--- INPUT DATA ---

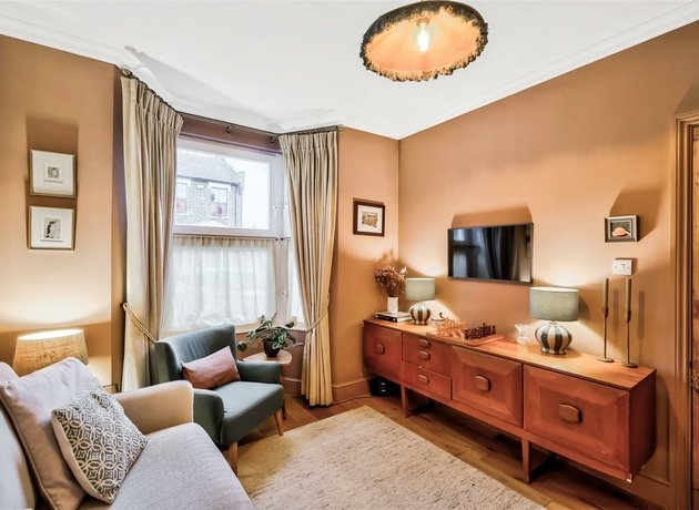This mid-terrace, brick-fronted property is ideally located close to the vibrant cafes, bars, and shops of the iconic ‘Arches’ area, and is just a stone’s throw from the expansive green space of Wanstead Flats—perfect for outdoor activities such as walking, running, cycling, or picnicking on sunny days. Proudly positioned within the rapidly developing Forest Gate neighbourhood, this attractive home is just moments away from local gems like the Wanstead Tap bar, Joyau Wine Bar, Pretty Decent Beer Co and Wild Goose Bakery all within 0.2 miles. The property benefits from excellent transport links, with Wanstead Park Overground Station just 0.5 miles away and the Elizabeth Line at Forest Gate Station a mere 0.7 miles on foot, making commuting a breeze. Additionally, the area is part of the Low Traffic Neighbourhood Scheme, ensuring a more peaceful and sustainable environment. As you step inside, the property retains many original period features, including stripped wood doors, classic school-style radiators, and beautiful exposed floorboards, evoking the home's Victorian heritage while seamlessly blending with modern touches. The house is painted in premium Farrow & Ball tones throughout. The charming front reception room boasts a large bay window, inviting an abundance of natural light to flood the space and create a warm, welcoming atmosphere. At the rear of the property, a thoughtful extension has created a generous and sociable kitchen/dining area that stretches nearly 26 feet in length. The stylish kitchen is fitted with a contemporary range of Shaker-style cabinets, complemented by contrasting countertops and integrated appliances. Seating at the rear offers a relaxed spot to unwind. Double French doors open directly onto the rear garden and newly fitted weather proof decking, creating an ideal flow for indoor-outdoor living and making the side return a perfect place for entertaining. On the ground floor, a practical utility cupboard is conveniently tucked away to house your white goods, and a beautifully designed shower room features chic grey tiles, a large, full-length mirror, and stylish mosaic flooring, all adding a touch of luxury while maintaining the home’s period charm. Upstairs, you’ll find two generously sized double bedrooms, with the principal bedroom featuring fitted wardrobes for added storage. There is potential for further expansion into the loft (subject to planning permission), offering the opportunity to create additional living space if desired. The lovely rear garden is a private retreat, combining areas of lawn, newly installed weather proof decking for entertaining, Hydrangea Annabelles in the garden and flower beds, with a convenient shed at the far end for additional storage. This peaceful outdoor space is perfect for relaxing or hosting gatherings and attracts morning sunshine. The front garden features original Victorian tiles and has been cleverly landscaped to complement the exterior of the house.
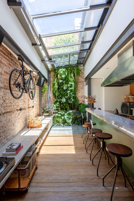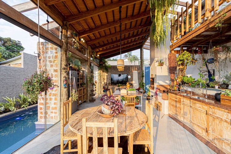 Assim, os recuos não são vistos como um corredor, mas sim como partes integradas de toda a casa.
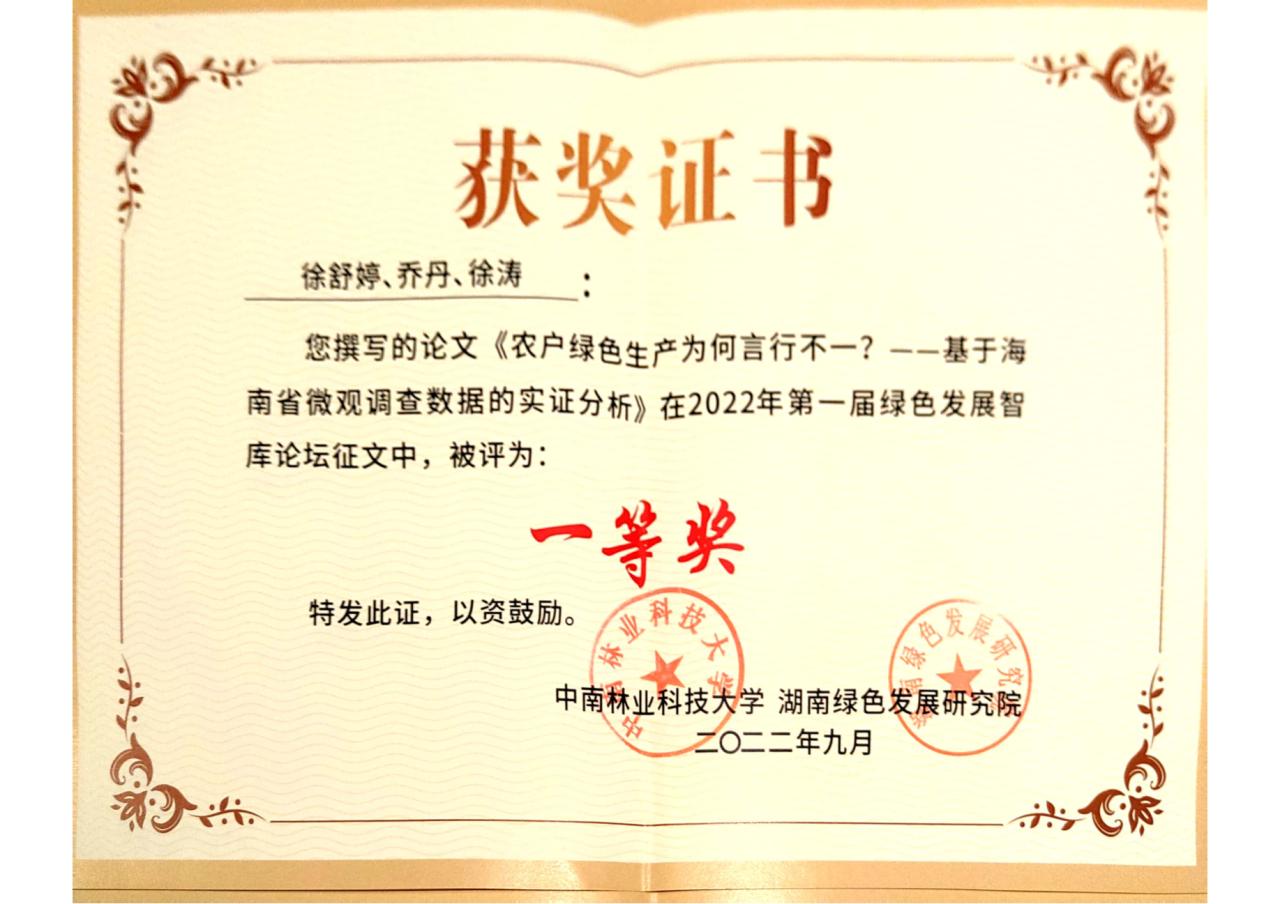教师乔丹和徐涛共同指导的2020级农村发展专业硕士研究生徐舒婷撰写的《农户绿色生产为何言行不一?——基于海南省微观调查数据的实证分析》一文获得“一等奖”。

---

Could the data above be reproduced exactly, with the pictures left out?

This mid-terrace, brick-fronted property is ideally located close to the vibrant cafes, bars, and shops of the iconic ‘Arches’ area, and is just a stone’s throw from the expansive green space of Wanstead Flats—perfect for outdoor activities such as walking, running, cycling, or picnicking on sunny days. Proudly positioned within the rapidly developing Forest Gate neighbourhood, this attractive home is just moments away from local gems like the Wanstead Tap bar, Joyau Wine Bar, Pretty Decent Beer Co and Wild Goose Bakery all within 0.2 miles. The property benefits from excellent transport links, with Wanstead Park Overground Station just 0.5 miles away and the Elizabeth Line at Forest Gate Station a mere 0.7 miles on foot, making commuting a breeze. Additionally, the area is part of the Low Traffic Neighbourhood Scheme, ensuring a more peaceful and sustainable environment. As you step inside, the property retains many original period features, including stripped wood doors, classic school-style radiators, and beautiful exposed floorboards, evoking the home's Victorian heritage while seamlessly blending with modern touches. The house is painted in premium Farrow & Ball tones throughout. The charming front reception room boasts a large bay window, inviting an abundance of natural light to flood the space and create a warm, welcoming atmosphere. At the rear of the property, a thoughtful extension has created a generous and sociable kitchen/dining area that stretches nearly 26 feet in length. The stylish kitchen is fitted with a contemporary range of Shaker-style cabinets, complemented by contrasting countertops and integrated appliances. Seating at the rear offers a relaxed spot to unwind. Double French doors open directly onto the rear garden and newly fitted weather proof decking, creating an ideal flow for indoor-outdoor living and making the side return a perfect place for entertaining. On the ground floor, a practical utility cupboard is conveniently tucked away to house your white goods, and a beautifully designed shower room features chic grey tiles, a large, full-length mirror, and stylish mosaic flooring, all adding a touch of luxury while maintaining the home’s period charm. Upstairs, you’ll find two generously sized double bedrooms, with the principal bedroom featuring fitted wardrobes for added storage. There is potential for further expansion into the loft (subject to planning permission), offering the opportunity to create additional living space if desired. The lovely rear garden is a private retreat, combining areas of lawn, newly installed weather proof decking for entertaining, Hydrangea Annabelles in the garden and flower beds, with a convenient shed at the far end for additional storage. This peaceful outdoor space is perfect for relaxing or hosting gatherings and attracts morning sunshine. The front garden features original Victorian tiles and has been cleverly landscaped to complement the exterior of the house.
 Assim, os recuos não são vistos como um corredor, mas sim como partes integradas de toda a casa.
教师乔丹和徐涛共同指导的2020级农村发展专业硕士研究生徐舒婷撰写的《农户绿色生产为何言行不一?——基于海南省微观调查数据的实证分析》一文获得“一等奖”。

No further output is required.